**Problem requirements:**
Only the lines from the one containing "2018秋裝新款韓版套裝百搭氣質雪紡長袖上衣高腰排扣闊腿褲兩件套" through the end of the material should be printed, exactly as they appear. Leave out pictures.

**Given data:**
===
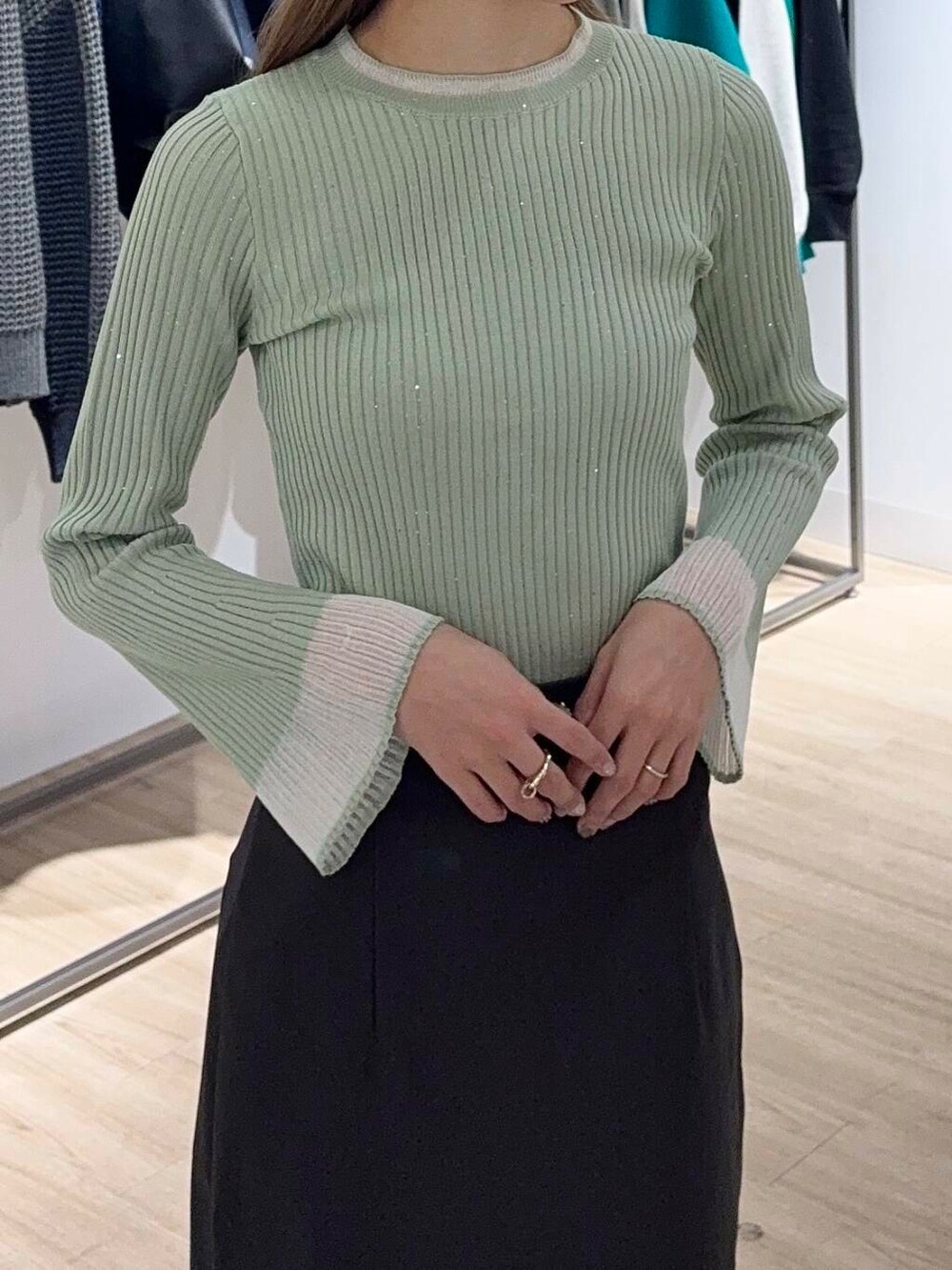 柔らかいグリーンのカラーが上品で、春先はトレンチコートを合わせても素敵にきまります♪お袖のデザインも可愛いので、キャミワンピースやジャンパースカートともぜひ合わせてみて欲しいです!
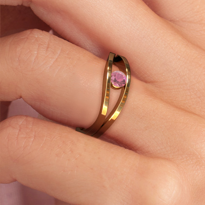 This 14 Carat gold ring is called Sigrid 1 and is set with 3.7 mm tourmaline pink. This design gold engagement ring is a true masterpiece! Our expert goldsmith uses special techniques during crafting of this tension set ring to make sure the tourmaline pink of this gold ring is fixed properly. The effect is that light fall reflects beautifully on the gemstone, which gives the ring its maximum shine and glamorous appearance. The result is a unique ring, with a trendy appearance, passionately handcrafted to perfection by our artisan goldsmith. A one-of-a-kind ring, designed for the love of your life! This jewel is made to shine bright around your finger. Each jewel is hand made with love by our goldsmiths.By using our modern techniques, we can design and customize the finest quality jewels with the utmost care for you. Our engagement rings are always priced 30 percent lower than other jewellers. We make engagement rings to order so we don't have to maintain a large stock. If you have a certain budget, we are more than happy to advice you accordingly.Different styles of new rings are made daily by our team. Perhaps you have found a solitaire engagement ring somewhere. One you would like to give to your loved one. Please feel free to share your thoughts and design with our jewel designers. We would love to turn your design into a design engagement ring. You can follow the development of your ring design because we use very detailed 3D drawings. On top of that, you can order a dummy of the design. A dummy is a plastic ring, which can be shaped according your ring design. You can try it on and check if the engagement ring is up to standard. We will gladly send you a non-binding offer, based on a fair price/ quality ratio. The offer will baffle you, considering the quality of the ring and gemstones.To make it easier for you, we offer a 30 day return policy. Check our terms and conditions.
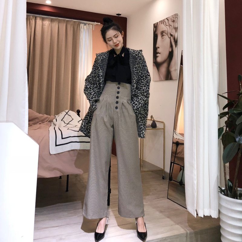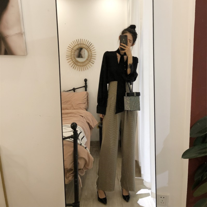 2018秋裝新款韓版套裝百搭氣質雪紡長袖上衣高腰排扣闊腿褲兩件套
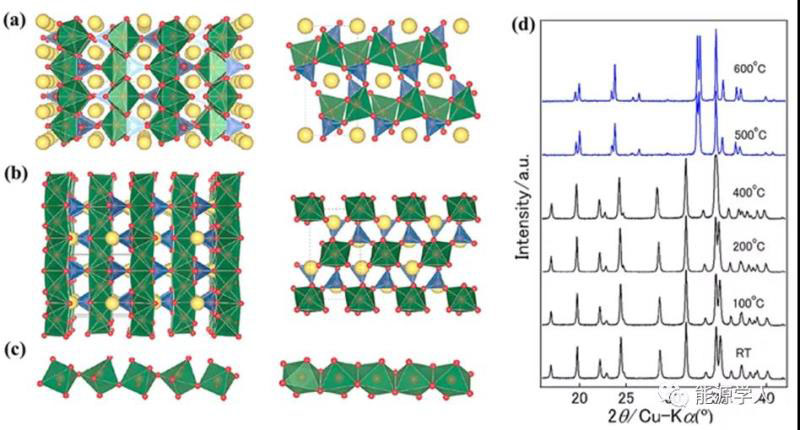 圖2 不同晶相的NaFePO4的晶體結(jié)構(gòu)和熱穩(wěn)定性
===
**Answer below:**
 2018秋裝新款韓版套裝百搭氣質雪紡長袖上衣高腰排扣闊腿褲兩件套
 圖2 不同晶相的NaFePO4的晶體結(jié)構(gòu)和熱穩(wěn)定性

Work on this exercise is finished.